In Marks of the Messenger: Knowing, Living, and Speaking the Gospel (IVP, 2010), J. Mack Stiles sets out something I’ve heard Don Carson say a number of times: “Losing the gospel doesn’t happen all at once, it’s much more like a four generation process too:
The gospel is accepted —>
The gospel is assumed —>
The gospel is confused —>
The gospel is lost.”
How do you know if your church is beginning to assume the gospel? The answer, Stiles says, is when you no longer hear the gospel. He asks a series of diagnostic questions:
Was the gospel in the sermon Sunday morning?
Could the uninitiated hear that sermon and come to real faith in Christ?
Are gospel principles governing organizational decisions?
Do you hear the gospel in people’s prayers?
Does your fellowship encourage you to say the gospel? And then is it more than just a memorized sketch? Sure, it may follow the form of “God, Man, Christ, Response,” but is it in people’s own words?
Furthermore, do you see it in their actions? Is the gospel lived out?
Is membership based on a true commitment to the gospel or just because someone wants to join an organization—or maybe write an expose?

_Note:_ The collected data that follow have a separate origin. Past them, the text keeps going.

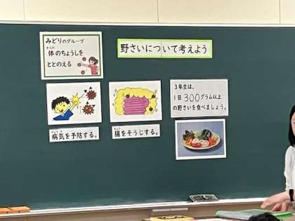 野菜は「病気を予防する」「腸をそうじする」働きがあり、体の調子を整える大切な食べ物です。3年生では、1日300g以上の野菜を食べると良いそうです。給食では100gの野菜がとれるようなので、しっかり給食を食べて、朝食、夕食でも野菜を食べてくださいね。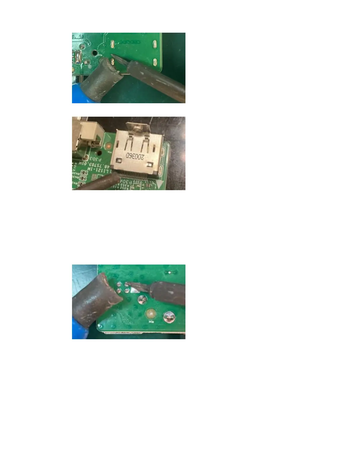 1) Use a hot air gun to melt the solder on the pins. Pin solder with soldering iron and absorber. You can gently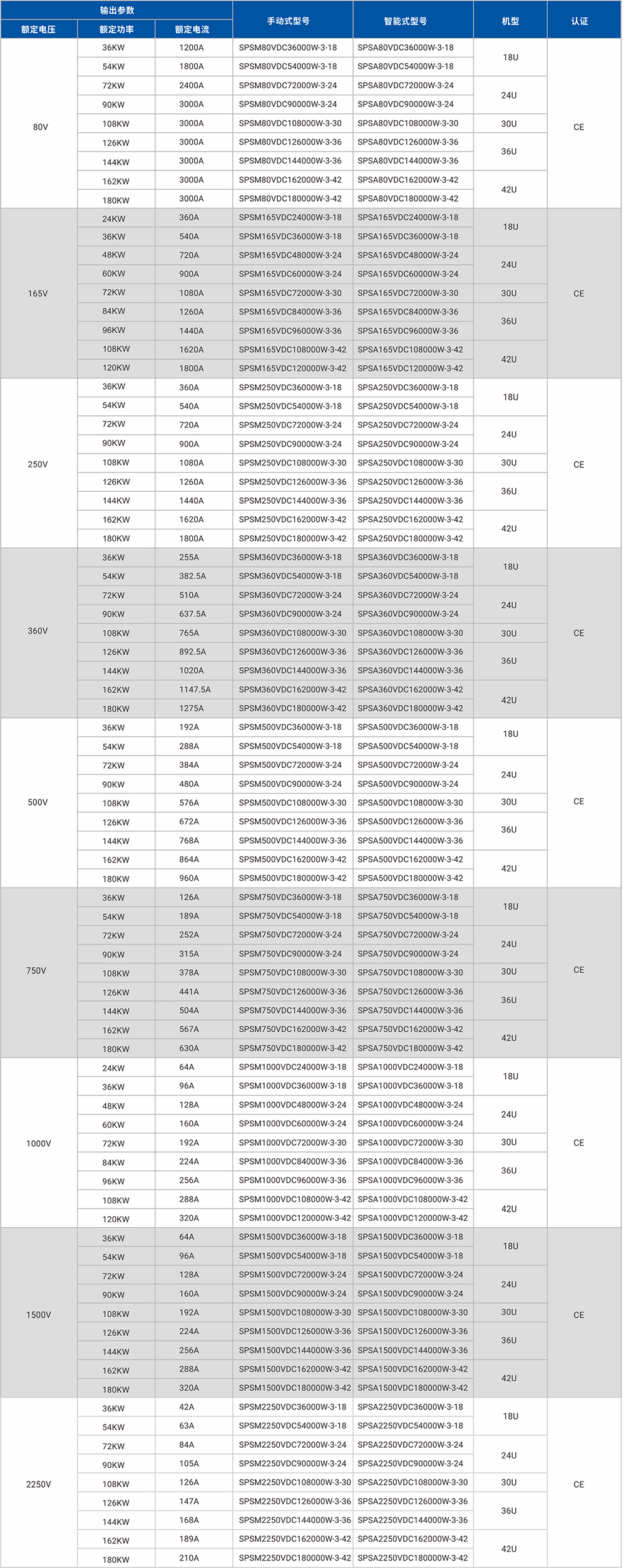 大功率直流電源系統根據控制方式有手動式(SPSM)和智能式(SPSA)兩個系列。單個電源機櫃輸出範圍可達2250V,3000A,180kW。支持多個機櫃主從并聯擴容系統功率可達576kW。

The healthy evangelist is asking these questions and looking for answers so as to guard the gospel. Here is the critical test.
Could you have preached that sermon if Christ had not died on the cross?
Could you have developed that leadership principle had Christ not been crucified?
I’m not saying be impractical—the Bible has much to say about being practical—but make sure that the practical is tied to the message of Jesus. Otherwise we are on the road to an assumption that will lose the gospel.
(p. 41, my emphasis)
May God give us grace to be men, women, and children of, by, and for the gospel!